The minister, who is leading the round of FTA negotiations between India and the UK with the UK side, pointed out that the aim is to reduce barriers to bilateral trade and balance the different requirements of each side. product and market access.
“What we shouldn’t pretend is that we’re doing a completely universal liberalization of everything that can be done and creating a single market and freedom of movement etc with India. That’s not must be what we’re doing…with every word you say.
“We talk about free trade agreements, but they’re not universal, unilateral free trade. I think freer trade is probably a more accurate description of what we’re doing on the ground. All these bilateral agreements. I’m optimistic that we’ll get a good deal. But sometimes there’s a lot of political things to be considered in the ring,” she noted.
Badenoch, who was participating in a panel discussion held at a party conference organized by the Policy Exchange think tank “Trade and the Indo-Pacific”, at the Department of International Trade (DIT) of the United Kingdom early last month and said she wanted to move the discussion beyond trade deals to broader cooperation.
“I’m in no rush to sign trade deals. I want good deals with these countries. We need to make sure every deal is great for the UK,” she said. .
Using patent protection as an example, the Minister pointed out that the UK needs to remember that India has different needs than other countries.
Aileen Keyes, Head of International Public Policy for DiageoThe panel on the panel marked the 150% reduction of India’s tariffs on Scotch whiskey as one of the priority areas that would be “win-win”.
“That’s what we’re going to get when we have a great deal with India,” agreed Badenoch.
She also agrees with the businessman of Indian origin, Lord Karan Bilimoriathat a comprehensive agreement with India would include security cooperation.
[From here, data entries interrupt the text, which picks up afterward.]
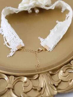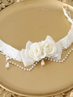 Sweet Lolita Accessories Ecru White Pearls Rose Choker Miscellaneous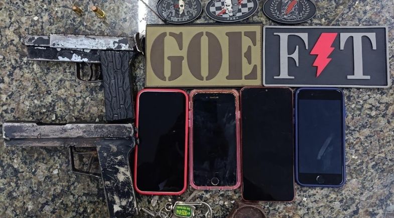 Foram localizadas e apreendidas duas armas de fogo artesanais, sendo uma portada por um dos indivíduos e a outra encontrada no momento em que outro suspeito tentava esconder o objeto em um armário da residência.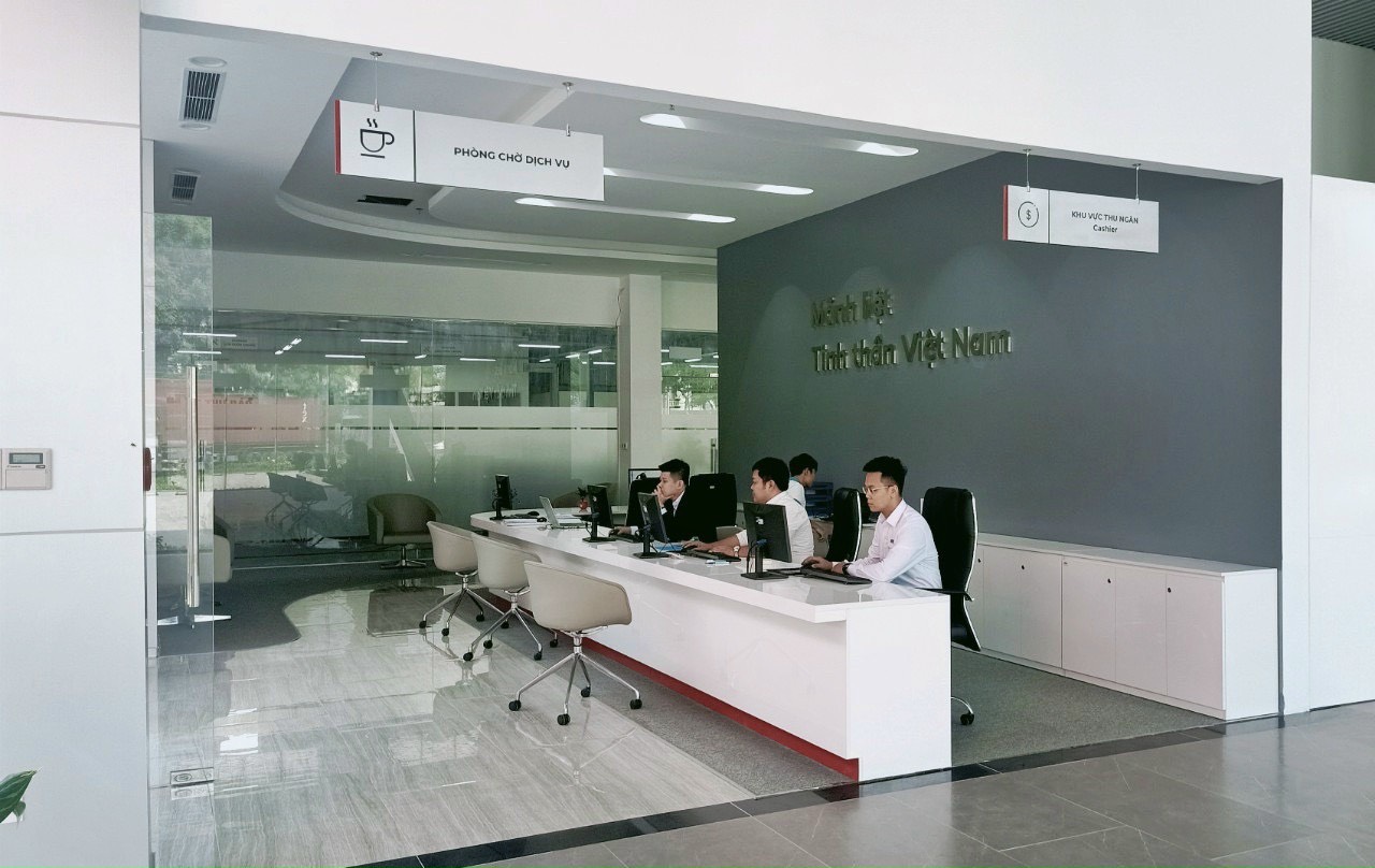 Phòng tiếp khách có diện tích khoảng 150m2 với nội thất da được nhập khẩu hoàn toàn từ Châu Âu của hãng Chateau d’Ax - là thương hiệu Sofa da thật lớn thứ hai Châu Âu, Chateau d’Ax. Đây là thương hiệu Sofa da đã có lịch sử hơn 70 năm phục vụ cho giới thượng lưu trên toàn thế giới., Những chiếc ghế được làm tỉ mỉ từ tay những người thợ thủ công lành nghề . Những loại bê mềm được lựa chọn riêng và với công thuộc da hàng đầu thế giới .Điều đó mang lại sự trải nghiệm hoàn toàn mới và đăng cấp 5 sao, là nơi khách hàng được đón tiếp, cũng là nơi những chủ xe VinFast có thể ngồi nghỉ ngơi vói thưởng thức những ly nước mát được pha chế bởi bàn tay của những bartender nổi tiếng trong quá trình mang xe tới sửa chữa. Đội ngũ nhiệt tình luôn sẵn sàng lắng nghe, thấu hiểu và tư vấn, giải quyết mọi thắc mắc của quý khách

Commerce and industry minister Piyush Goyal Last month it was reported that negotiations for a proposed free trade agreement between India and Britain were progressing at a faster pace. The agreement aims to promote bilateral trade and investment between the two countries.
India and the UK mainly trade in services, accounting for about 70% of total trade. Both countries also aim to increase bilateral trade to $100 billion by the end of the decade.